KEYWORDS: Zika virus, arbovirus, congenital Zika syndrome, emergence, experimental infection, fitness, flavivirus, mouse, mutation, nonhuman primate

ABSTRACT

Although fetal death is now understood to be a severe outcome of congenital Zika syndrome, the role of viral genetics is still unclear. We sequenced Zika virus (ZIKV) from a rhesus macaque fetus that died after inoculation and identified a single intrahost substitution, M1404I, in the ZIKV polyprotein, located in nonstructural protein 2B (NS2B). Targeted sequencing flanking position 1404 in 9 additional macaque mothers and their fetuses identified M1404I at a subconsensus frequency in the majority (5 of 9, 56%) of animals and some of their fetuses. Despite its repeated presence in pregnant macaques, M1404I has occurred rarely in humans since 2015. Since the primary ZIKV transmission cycle is human-mosquito-human, mutations in one host must be retained in the alternate host to be perpetuated. We hypothesized that ZIKV I1404 increases viral fitness in nonpregnant macaques and pregnant mice but is less efficiently transmitted by vectors, explaining its low frequency in humans during outbreaks. By examining competitive fitness relative to that of ZIKV M1404, we observed that ZIKV I1404 produced lower viremias in nonpregnant macaques and was a weaker competitor in tissues. In pregnant wild-type mice, ZIKV I1404 increased the magnitude and rate of placental infection and conferred fetal infection, in contrast to ZIKV M1404, which was not detected in fetuses. Although infection and dissemination rates were not different, Aedes aegypti mosquitoes transmitted ZIKV I1404 more poorly than ZIKV M1404. Our data highlight the complexity of arbovirus mutation-fitness dynamics and suggest that intrahost ZIKV mutations capable of augmenting fitness in pregnant vertebrates may not necessarily spread efficiently via mosquitoes during epidemics.

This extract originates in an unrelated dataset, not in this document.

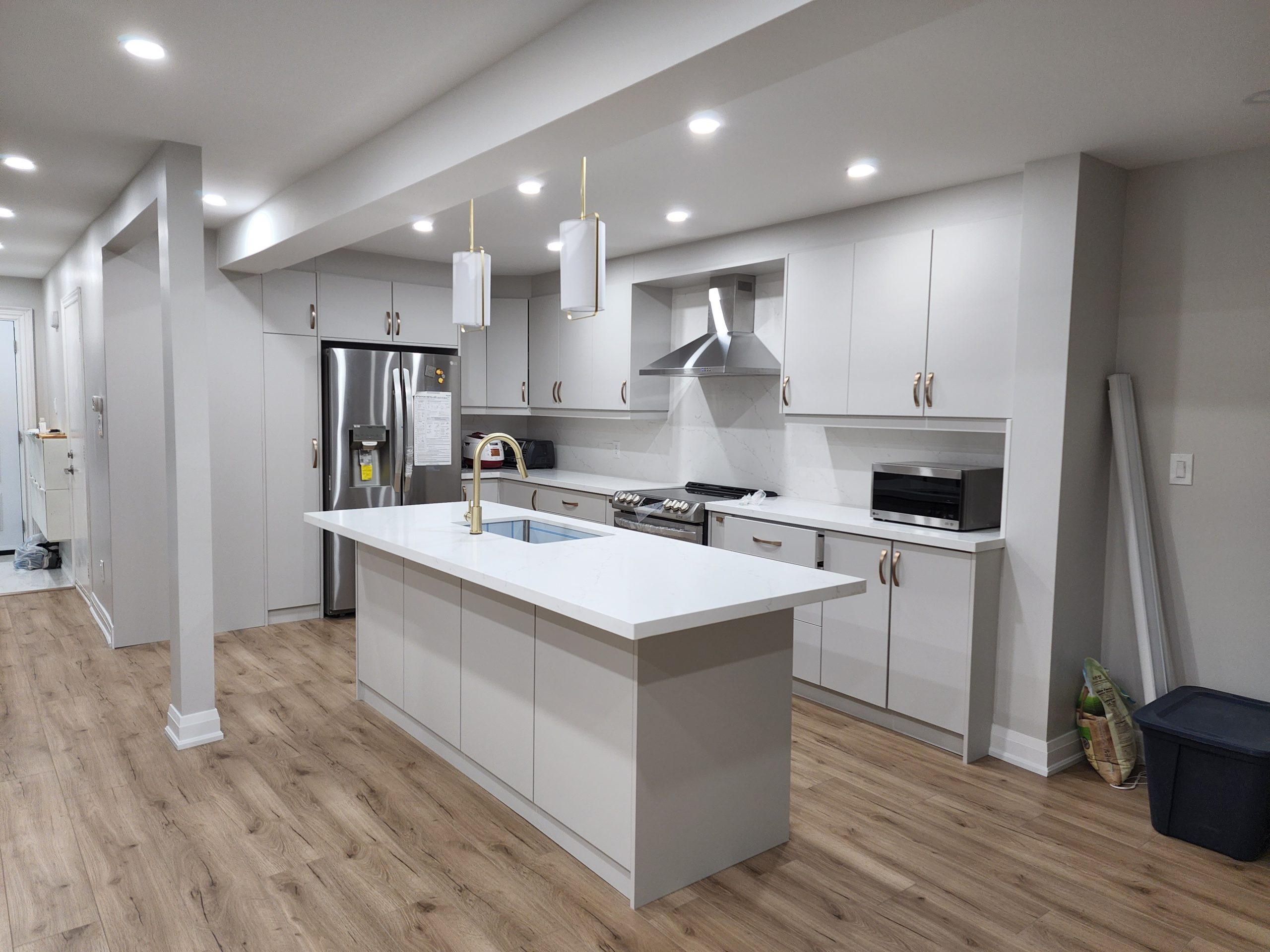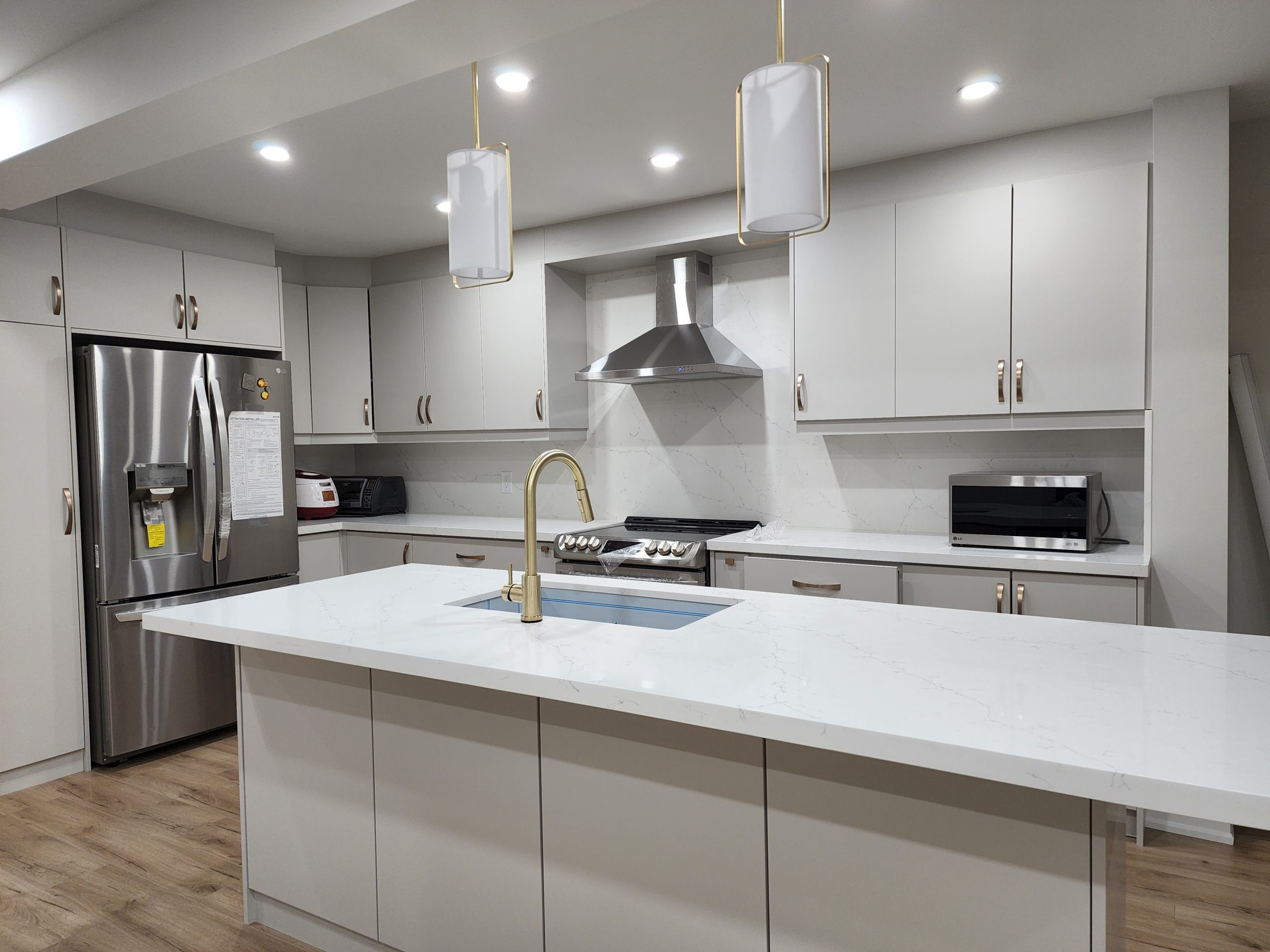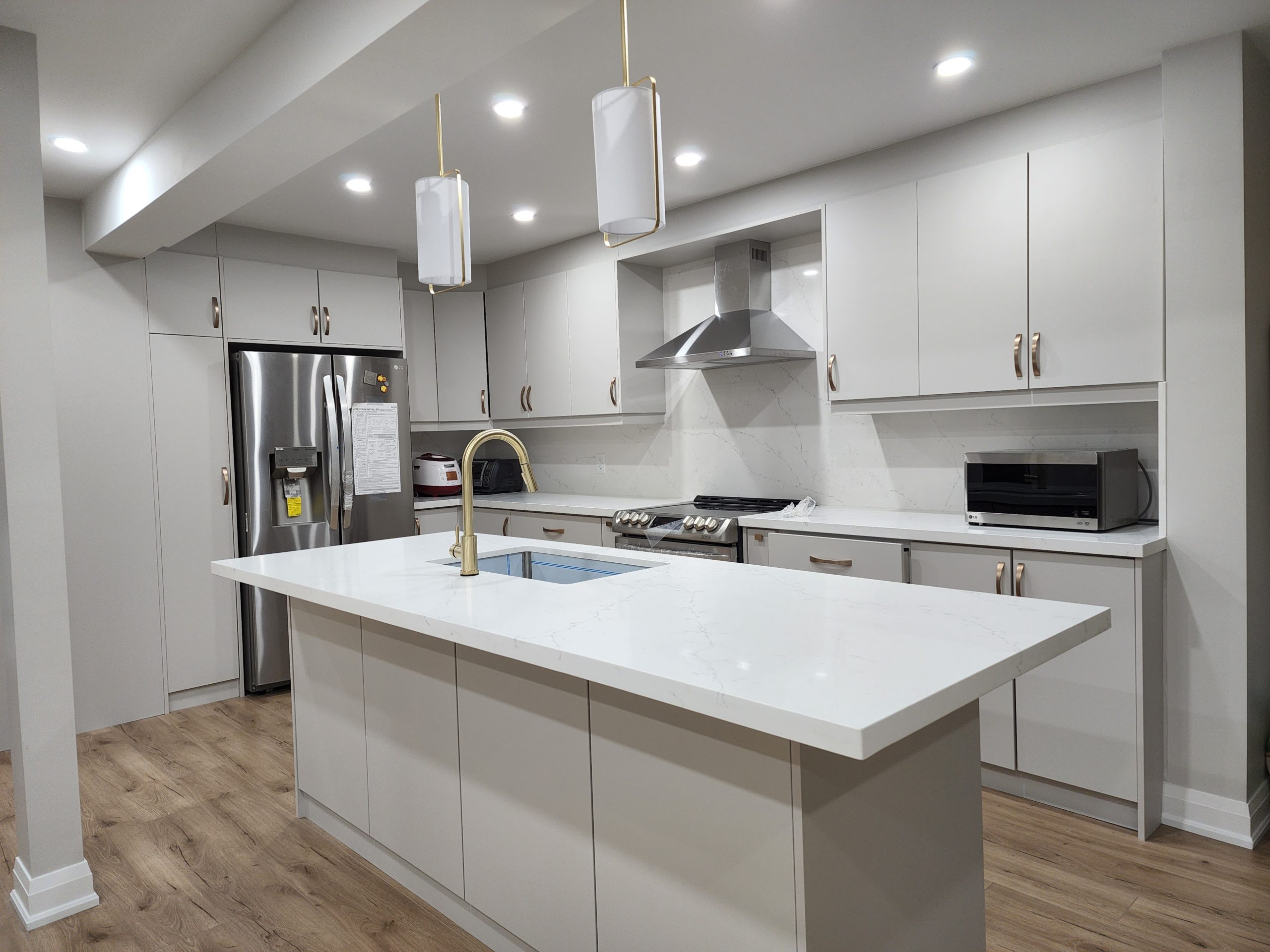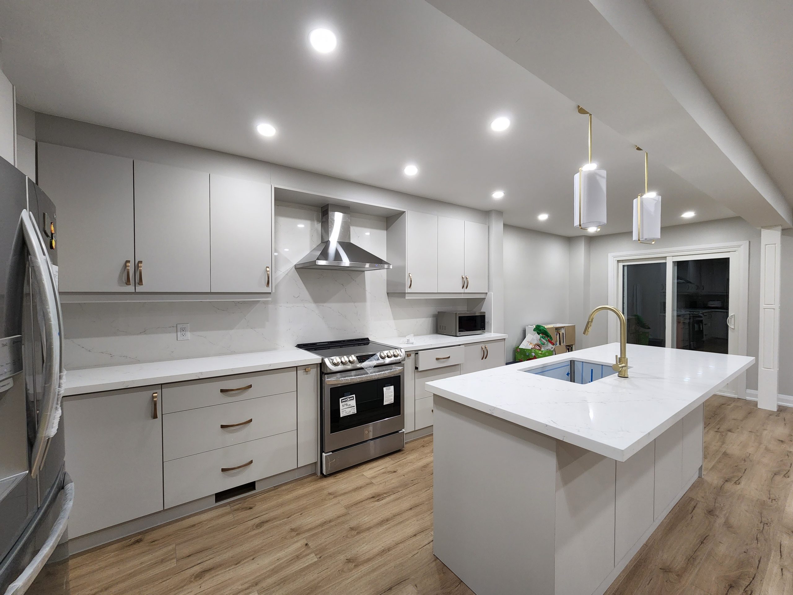 The new kitchen features sleek matte cabinetry, gold hardware, full-height quartz backsplash, and a large waterfall island equipped with modern pendant lighting and an undermount sink. Premium appliances, recessed LED potlights, and improved electrical layout complete the upgrade with both function and style.

IMPORTANCE Although Zika virus infection of pregnant women can result in congenital Zika syndrome, the factors that cause the syndrome in some but not all infected mothers are still unclear. We identified a mutation that was present in some ZIKV genomes in experimentally inoculated pregnant rhesus macaques and their fetuses. Although we did not find an association between the presence of the mutation and fetal death, we performed additional studies with ZIKV with the mutation in nonpregnant macaques, pregnant mice, and mosquitoes. We observed that the mutation increased the ability of the virus to infect mouse fetuses but decreased its capacity to produce high levels of virus in the blood of nonpregnant macaques and to be transmitted by mosquitoes. This study shows that mutations in mosquito-borne viruses like ZIKV that increase fitness in pregnant vertebrates may not spread in outbreaks when they compromise transmission via mosquitoes and fitness in nonpregnant hosts.

INTRODUCTION

Congenital Zika syndrome (CZS), caused by Zika virus (ZIKV), produces a disease spectrum that sometimes results in microcephaly or death in fetuses from mothers infected during pregnancy. In North and South American outbreaks since 2015, about 15% of fetuses from ZIKV-infected mothers displayed reduced growth, sensory disorders, and central nervous system malformations (16), manifestations of CZS (79). CZS abnormalities are associated with the detection of ZIKV RNA or infectious virus in amniotic fluid (AF) and fetal tissues, including brain (46, 1014). Viral and host factors that affect the severity of CZS, including why some fetuses die or develop microcephaly while others do not, are still not well understood.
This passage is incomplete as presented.